Case and point of this is me building the TCL switcher for Atik because he's spun out on roundabouts due to this.

The TCL is designed to reduce power being applied to the wheels when it thinks the wheels are slipping, it does this by pulling back on the throttle by means of a vacuum when it detects slippage. It determines slippage by checking each individual wheel speed and comparing it against the accelerometer, the vehicle speed sensor on the gearbox and what the auto box is currently doing.

The reason for the TCL spazzing out in a manual conversion is there is no feedback from the (missing) autobox as the car is tricked into thinking the auto gearbox is in neutral.

Feedback that can be determined from the auto box is what gear its currently in and what the torque converter is up to.

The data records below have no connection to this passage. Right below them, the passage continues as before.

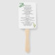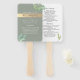 Elegante leque de mão de programa de casamento verde sálvia com folhas de eucalipto em aquarela e detalhes em dourado moderno. Um lado exibe uma mensagem de boas-vindas, o outro descreve os detalhes da cerimônia e do casamento. Ideal para casamentos ao ar livre ou celebrações em clima quente.
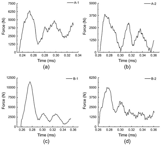 Force–time curves obtained under high-speed compression: (a) A-1; (b) A-2; (c) B-1; (d) B-2.
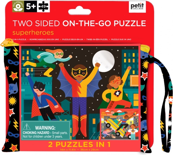 Discover the magic of the superhero world with this double-sided puzzle from Petit Collage. Every child can dive into an adventure that encourages shape and color recognition.
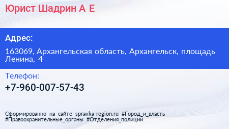 Юрист Шадрин А.Е. по адресу 163069, Архангельская область, Архангельск, площадь Ленина, 4 в дальнейшем Организация, размещена в следующих категориях:
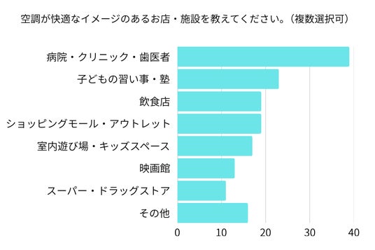 空調が快適なイメージのある施設を尋ねたところ、「病院・クリニック・歯医者」が39回答で圧倒的多数となりました。
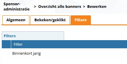 | Sponsor | Kies hier de juiste sponsor uit de lijst waaraan deze banner/dit logo gekoppeld is. Dit is optioneel. Je kunt de banners ook voor andere doeleinden inzetten. |

My thoughts are thus, would we be able to keep TCL in converted cars if we perform one or all of the following;

  1. Wire up a series of switches in the manual gearbox shift gate to feed back what gear the car is currently in (and as such, get a nice readout on auto-dashboards what gear the car is presently in)
  2. Wire up a switch to the clutch to provide some level of feedback to what the torque converter may be up to

Also, when doing a auto to manual conversion, if you replace the auto gearbox ECU with a manual gearbox ECU at the same time, do you still have problems with TCL?